▶ **Task details**: Two lines mark the range in the entries below: the one holding "This 2011 Fleetwood" and the one holding "Rozmiar TV w". Set down those two and all lines between them, exactly.

▶ **Data provided**:
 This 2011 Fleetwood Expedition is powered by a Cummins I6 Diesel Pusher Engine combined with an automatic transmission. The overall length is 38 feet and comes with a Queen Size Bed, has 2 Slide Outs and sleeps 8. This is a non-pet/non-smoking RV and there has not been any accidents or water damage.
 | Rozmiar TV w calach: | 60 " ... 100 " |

--

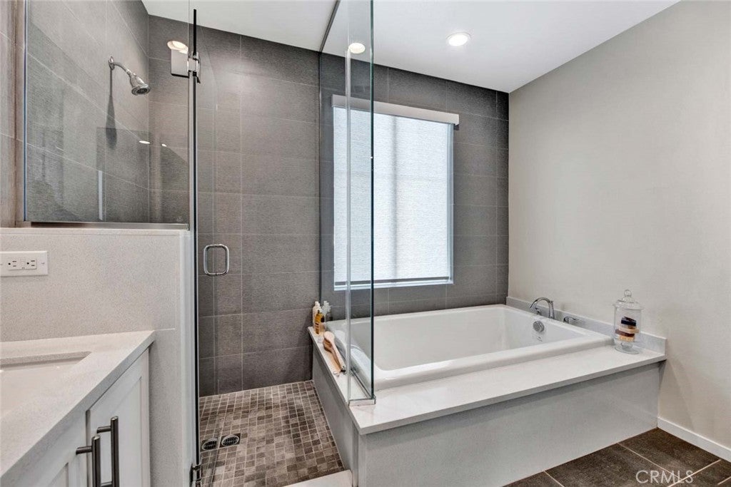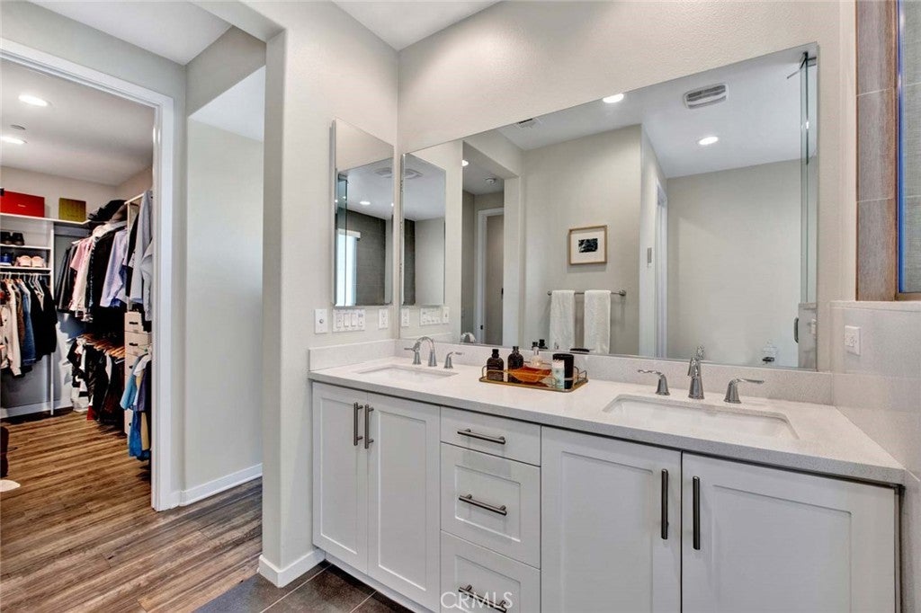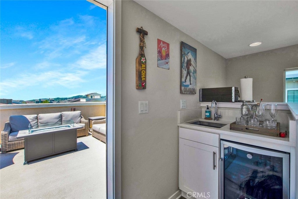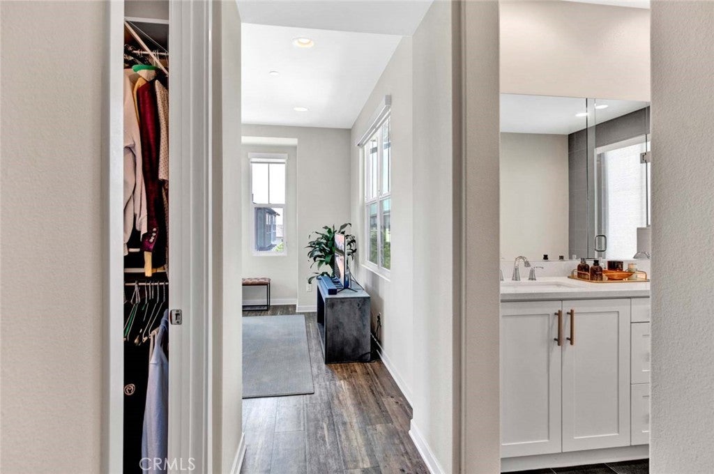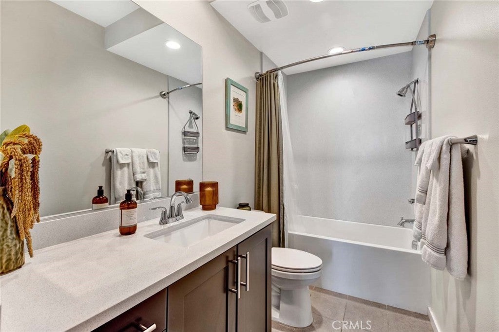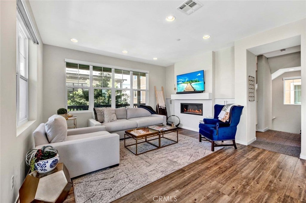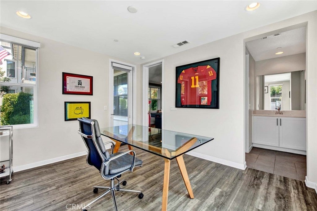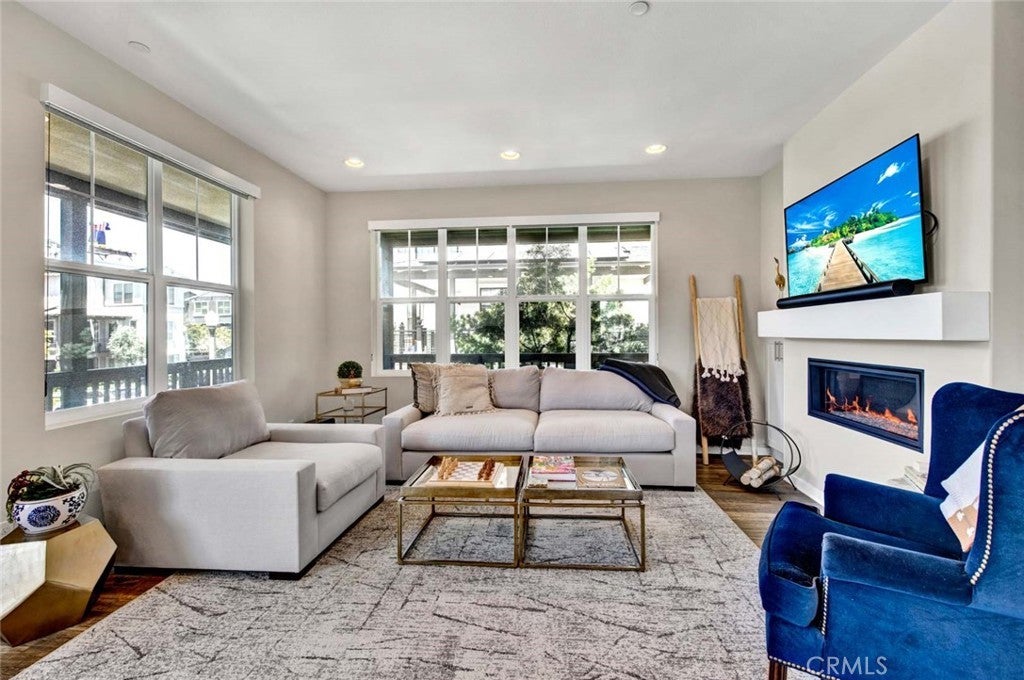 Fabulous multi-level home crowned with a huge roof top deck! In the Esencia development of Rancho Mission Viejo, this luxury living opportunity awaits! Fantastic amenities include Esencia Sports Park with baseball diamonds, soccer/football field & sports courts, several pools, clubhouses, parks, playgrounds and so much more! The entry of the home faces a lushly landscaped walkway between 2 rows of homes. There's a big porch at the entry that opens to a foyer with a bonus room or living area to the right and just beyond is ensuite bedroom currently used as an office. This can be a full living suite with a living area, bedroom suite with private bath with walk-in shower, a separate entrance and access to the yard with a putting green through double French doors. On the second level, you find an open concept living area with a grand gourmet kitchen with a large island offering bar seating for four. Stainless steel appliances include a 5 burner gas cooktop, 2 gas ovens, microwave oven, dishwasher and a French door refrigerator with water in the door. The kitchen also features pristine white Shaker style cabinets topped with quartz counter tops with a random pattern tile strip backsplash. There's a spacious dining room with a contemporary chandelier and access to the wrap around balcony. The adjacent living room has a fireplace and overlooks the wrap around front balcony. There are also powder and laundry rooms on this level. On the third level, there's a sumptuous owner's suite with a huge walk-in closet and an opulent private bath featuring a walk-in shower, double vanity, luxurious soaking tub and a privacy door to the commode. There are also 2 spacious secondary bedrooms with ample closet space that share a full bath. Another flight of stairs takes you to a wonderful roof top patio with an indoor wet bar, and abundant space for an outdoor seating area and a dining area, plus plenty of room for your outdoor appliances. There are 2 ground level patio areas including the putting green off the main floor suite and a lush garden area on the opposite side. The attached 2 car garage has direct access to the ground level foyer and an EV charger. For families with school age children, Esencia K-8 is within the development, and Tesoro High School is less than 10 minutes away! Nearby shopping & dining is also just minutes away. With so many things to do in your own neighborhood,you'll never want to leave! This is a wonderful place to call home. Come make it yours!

...

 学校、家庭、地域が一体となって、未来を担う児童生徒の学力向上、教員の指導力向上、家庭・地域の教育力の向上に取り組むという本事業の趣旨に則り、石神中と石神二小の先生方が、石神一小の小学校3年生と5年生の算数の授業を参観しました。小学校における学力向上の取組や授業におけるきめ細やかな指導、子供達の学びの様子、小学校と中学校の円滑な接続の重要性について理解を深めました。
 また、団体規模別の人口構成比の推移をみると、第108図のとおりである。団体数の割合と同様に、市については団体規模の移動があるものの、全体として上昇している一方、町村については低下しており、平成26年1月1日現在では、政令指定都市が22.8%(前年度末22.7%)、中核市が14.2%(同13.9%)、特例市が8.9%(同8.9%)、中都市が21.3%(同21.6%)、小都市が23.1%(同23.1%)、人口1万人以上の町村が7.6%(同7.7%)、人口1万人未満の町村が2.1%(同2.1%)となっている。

▶ **The completed task**:
 This 2011 Fleetwood Expedition is powered by a Cummins I6 Diesel Pusher Engine combined with an automatic transmission. The overall length is 38 feet and comes with a Queen Size Bed, has 2 Slide Outs and sleeps 8. This is a non-pet/non-smoking RV and there has not been any accidents or water damage.
 | Rozmiar TV w calach: | 60 " ... 100 " |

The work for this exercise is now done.